§ PROBLEM TO SOLVE:
Output the records precisely as they stand. Pictures are to be skipped.
════════
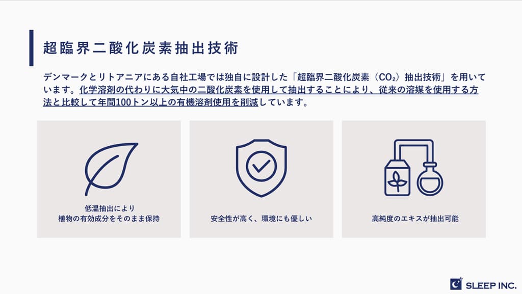 「Sleep Inc.」は、100%自然由来の成分で作られたハーブティンクチャーだ。ホップ、バレリアンルート、ジンジャー、ターメリック、レモンバーム、クローブ、セージなど、厳選された天然ハーブを独自の超臨界CO₂抽出方法で調合している。
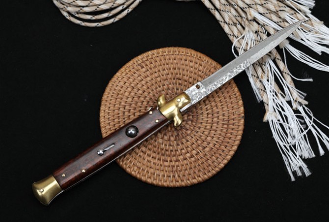 意大利黑手党使用的经典刀具-赌徒跳刀,在电影"教父"里出尽了风头!11英寸(28CM)蛇纹木柄的黑手党侧跳,出刀迅速,锁定稳固,具有超强的穿刺力!带有保险装置,刀护手处暗藏闭合开关,AKC公司出口产品,功能性完工度不错,满足把玩和收藏的需要
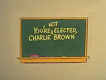 The plot from You're Not Elected, Charlie Brown was taken from a story that ran in the comic strip in October 1964, in which Linus runs for school president with Charlie Brown as his running mate. In the original storyline, Linus blows the election (and Charlie Brown's bid for Vice President) after bringing up The Great Pumpkin in his final speech and being laughed off stageagain after leading in the polls at the time. Unlike the television special, Linus' opponent is never seen or mentioned. This special first aired under the title You're Elected Charlie Brown. It was subsequently changed after Charles Schulz realized that Charlie Brown was neither elected nor does he run. This explains why there is a caret between the words "You're" and "Elected" on the chalkboard (there was no time to redo the entire cel).
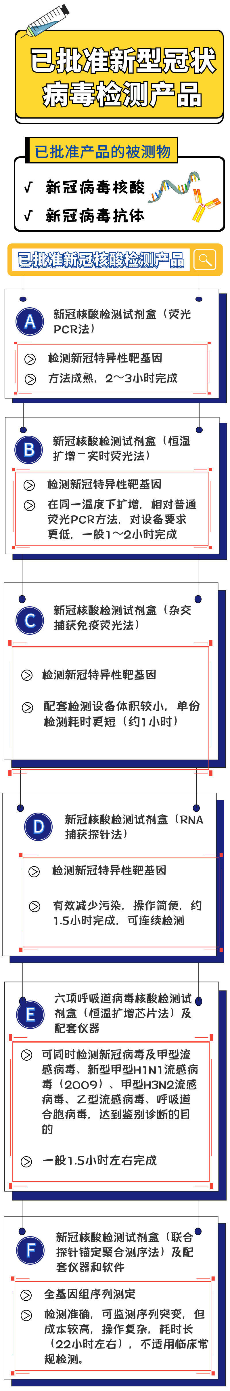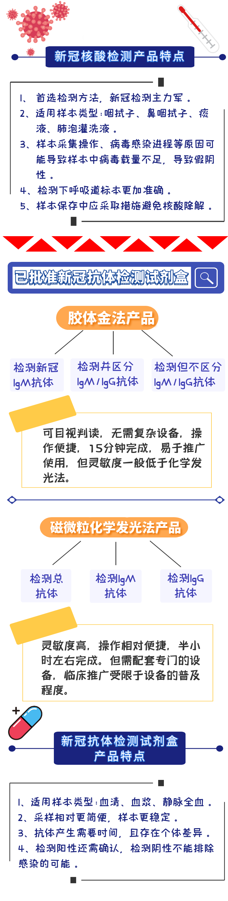 据统计,目前国内20家IVD企业22款新冠检测产品获得国家药监局批准注册上市,为防控疫情提供关键保障。这22款产品分为核酸检测和抗体检测两大类,那么这些产品有什么特点及用途呢?请看下图:
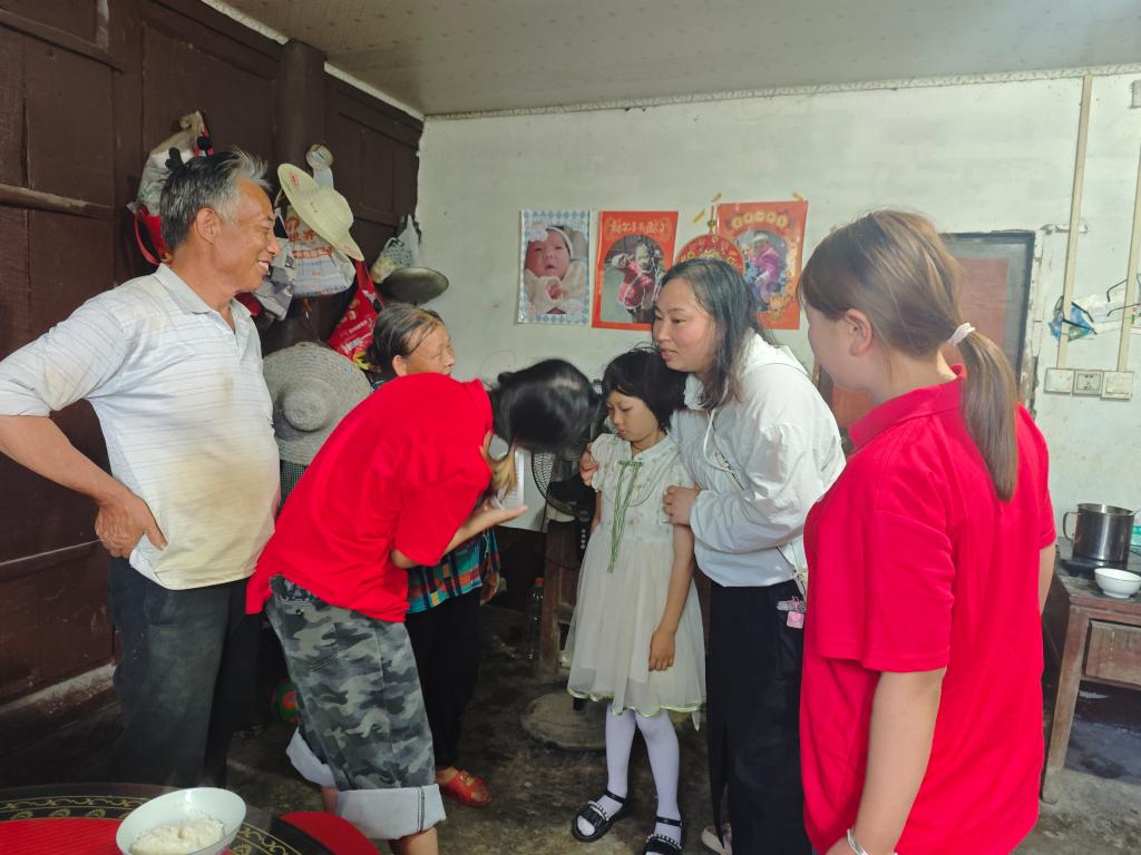 针对村内的留守儿童,教师带领志愿者们前往留守儿童家中,为儿童们送上可爱的书包,为孩子们提供学习上的帮助和心灵上的慰藉。通过陪伴与交流,缓解孩子们的孤独感,助力他们的身心健康。
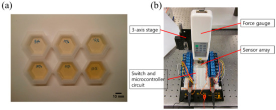 For the test sample material, gelatin powders (Great Lakes Gelatin Company, IL) were used since its elastic stiffness is efficiently controlled by the adjustment of weight ratio (WR) of powder. The test samples were prepared using the traditional fabrication method for tissue-mimicking phantoms which was referred to in published papers [54,55]. Gelatin powders with 5% to 30% WR were blended in the warm water (65 °C). Then, gelatinous samples were degassed in a vacuum chamber and stored in a refrigerator for 3 h. Figure 3a shows the fabricated test samples with different WR. To characterize the sample’s elastic modulus as reference data, the force-deformation method [56] was used. Young’s modulus of each sample can be obtained according to Equation (15):
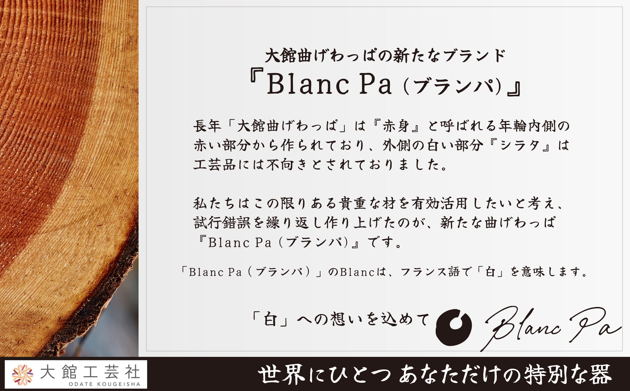 この貴重な材を有効活用したい、シラタを生きた製品に変えたいと、私たちは試行錯誤を繰り返してきました。そして度重なる試作を経て、ようやくシラタも活用し器としての品質を保った製品を作り上げる事ができました。ひとつひとつがオンリーワンの個性を持った自然な姿の木製品、日々の暮らしの道具としての伝統工芸品、それが私たちが提案する新しい曲げわっぱ「Blanc Pa」(ブランパ)です。
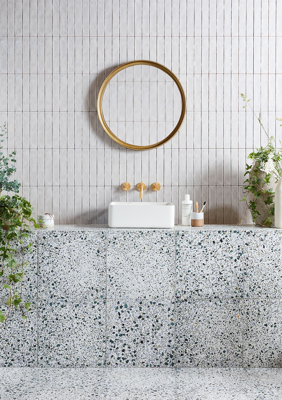 The new Bert & May encaustic tile, Marigold Maze One, is from the Mazes collection and nods to mid-century and Art Deco styling. Each tile measures 200mm by 200mm by 18mm and comes in three designs which you can use together to create a bespoke pattern in the perfect mx of classic and contemporary. The Bert & May Fennel Terrazzo tile provides a perfect way to introduce pattern into your bathroom with a less obvious repeat which is about surface interest, rather than bold lines.
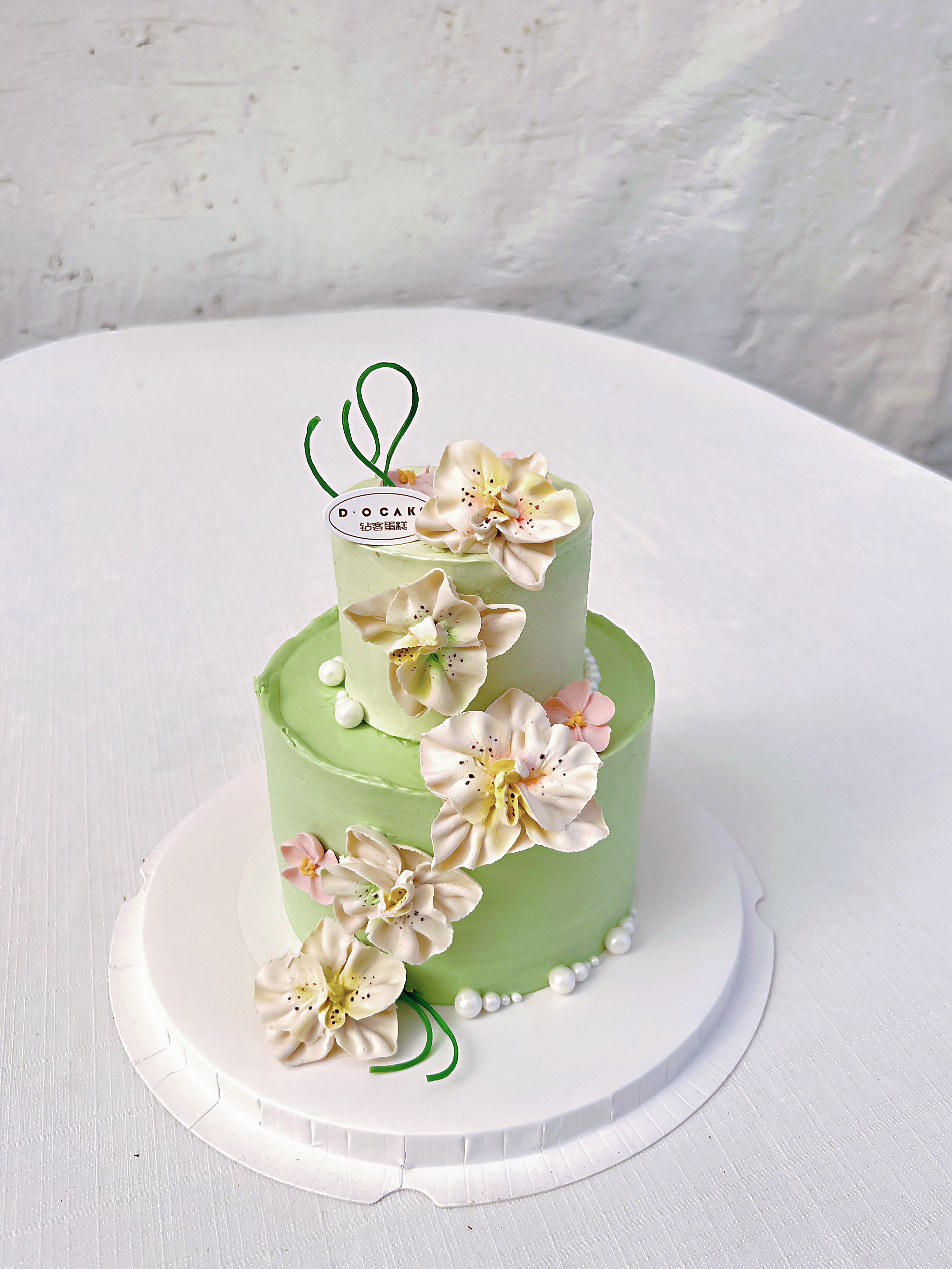 韩式黄油抹面+低糖韩式裱花韩式黄油抹面+乳酪红丝绒夹心+手工韩式裱花
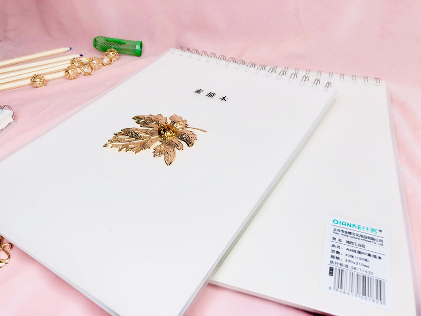 ? ?品? 名:纤客A4PP工艺上翻素描本 ? ?型? 号:A4-SM-PP ? ?规? 格:210*285MM ? ?包? 装:单本收缩膜 60本/箱 ? ?细? 节: 封面半透明pp片材 内芯100g 金属片工艺装饰
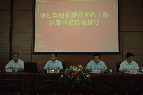 9月9日上午,教师节前夕,我校纪律教育学习月活动动员大会在大学城校区召开,党委书记黄斌同志作动员报告,省教育纪工委书记赵康同志应邀参加大会并作专题学习辅导报告。会议由党委副书记、纪委书记孙晓生主持,学校领导、副处级以上干部、党政职能部门工作人员、二级单位党委(党总支)委员、教工党支部书记、教研室主任、全体辅导员、思政课教师、师生代表近300人参加了大会。
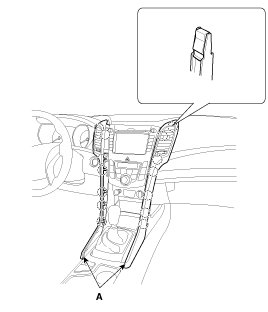 1. Using a screwdriver or remover, remove the crash pad center garnish [LH, RH] (A).
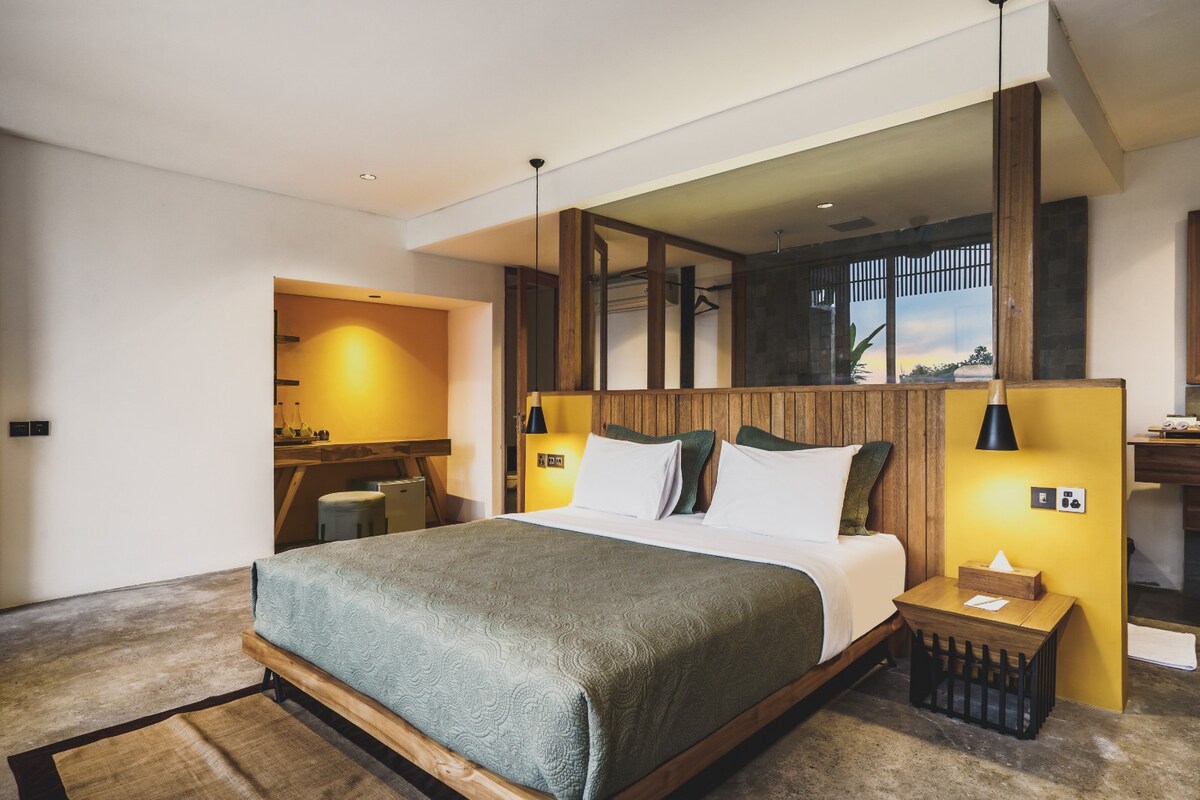 Bienvenido a nuestra nueva habitación suite, inspiradora y suave vibra estética para viajeros creativos. Habitación de 1 cama inspirada en el diseño mediterráneo crudo, en el lugar animado y tranquilo en la moderna zona de Canggu. La propiedad ofrece una experiencia encantadora de vida de lujo. La propiedad está a pocos minutos del restaurante de lujo más nuevo de la zona, a solo 5 minutos en coche, o disfruta del tranquilo ambiente de playa a solo 7 minutos de tu puerta.
════════
§ EXERCISE RESULT:
 「Sleep Inc.」は、100%自然由来の成分で作られたハーブティンクチャーだ。ホップ、バレリアンルート、ジンジャー、ターメリック、レモンバーム、クローブ、セージなど、厳選された天然ハーブを独自の超臨界CO₂抽出方法で調合している。
 意大利黑手党使用的经典刀具-赌徒跳刀,在电影"教父"里出尽了风头!11英寸(28CM)蛇纹木柄的黑手党侧跳,出刀迅速,锁定稳固,具有超强的穿刺力!带有保险装置,刀护手处暗藏闭合开关,AKC公司出口产品,功能性完工度不错,满足把玩和收藏的需要
 The plot from You're Not Elected, Charlie Brown was taken from a story that ran in the comic strip in October 1964, in which Linus runs for school president with Charlie Brown as his running mate. In the original storyline, Linus blows the election (and Charlie Brown's bid for Vice President) after bringing up The Great Pumpkin in his final speech and being laughed off stageagain after leading in the polls at the time. Unlike the television special, Linus' opponent is never seen or mentioned. This special first aired under the title You're Elected Charlie Brown. It was subsequently changed after Charles Schulz realized that Charlie Brown was neither elected nor does he run. This explains why there is a caret between the words "You're" and "Elected" on the chalkboard (there was no time to redo the entire cel).
 据统计,目前国内20家IVD企业22款新冠检测产品获得国家药监局批准注册上市,为防控疫情提供关键保障。这22款产品分为核酸检测和抗体检测两大类,那么这些产品有什么特点及用途呢?请看下图:
 针对村内的留守儿童,教师带领志愿者们前往留守儿童家中,为儿童们送上可爱的书包,为孩子们提供学习上的帮助和心灵上的慰藉。通过陪伴与交流,缓解孩子们的孤独感,助力他们的身心健康。
 For the test sample material, gelatin powders (Great Lakes Gelatin Company, IL) were used since its elastic stiffness is efficiently controlled by the adjustment of weight ratio (WR) of powder. The test samples were prepared using the traditional fabrication method for tissue-mimicking phantoms which was referred to in published papers [54,55]. Gelatin powders with 5% to 30% WR were blended in the warm water (65 °C). Then, gelatinous samples were degassed in a vacuum chamber and stored in a refrigerator for 3 h. Figure 3a shows the fabricated test samples with different WR. To characterize the sample’s elastic modulus as reference data, the force-deformation method [56] was used. Young’s modulus of each sample can be obtained according to Equation (15):
 この貴重な材を有効活用したい、シラタを生きた製品に変えたいと、私たちは試行錯誤を繰り返してきました。そして度重なる試作を経て、ようやくシラタも活用し器としての品質を保った製品を作り上げる事ができました。ひとつひとつがオンリーワンの個性を持った自然な姿の木製品、日々の暮らしの道具としての伝統工芸品、それが私たちが提案する新しい曲げわっぱ「Blanc Pa」(ブランパ)です。
 The new Bert & May encaustic tile, Marigold Maze One, is from the Mazes collection and nods to mid-century and Art Deco styling. Each tile measures 200mm by 200mm by 18mm and comes in three designs which you can use together to create a bespoke pattern in the perfect mx of classic and contemporary. The Bert & May Fennel Terrazzo tile provides a perfect way to introduce pattern into your bathroom with a less obvious repeat which is about surface interest, rather than bold lines.
 韩式黄油抹面+低糖韩式裱花韩式黄油抹面+乳酪红丝绒夹心+手工韩式裱花
 ? ?品? 名:纤客A4PP工艺上翻素描本 ? ?型? 号:A4-SM-PP ? ?规? 格:210*285MM ? ?包? 装:单本收缩膜 60本/箱 ? ?细? 节: 封面半透明pp片材 内芯100g 金属片工艺装饰
 9月9日上午,教师节前夕,我校纪律教育学习月活动动员大会在大学城校区召开,党委书记黄斌同志作动员报告,省教育纪工委书记赵康同志应邀参加大会并作专题学习辅导报告。会议由党委副书记、纪委书记孙晓生主持,学校领导、副处级以上干部、党政职能部门工作人员、二级单位党委(党总支)委员、教工党支部书记、教研室主任、全体辅导员、思政课教师、师生代表近300人参加了大会。
 1. Using a screwdriver or remover, remove the crash pad center garnish [LH, RH] (A).
 Bienvenido a nuestra nueva habitación suite, inspiradora y suave vibra estética para viajeros creativos. Habitación de 1 cama inspirada en el diseño mediterráneo crudo, en el lugar animado y tranquilo en la moderna zona de Canggu. La propiedad ofrece una experiencia encantadora de vida de lujo. La propiedad está a pocos minutos del restaurante de lujo más nuevo de la zona, a solo 5 minutos en coche, o disfruta del tranquilo ambiente de playa a solo 7 minutos de tu puerta.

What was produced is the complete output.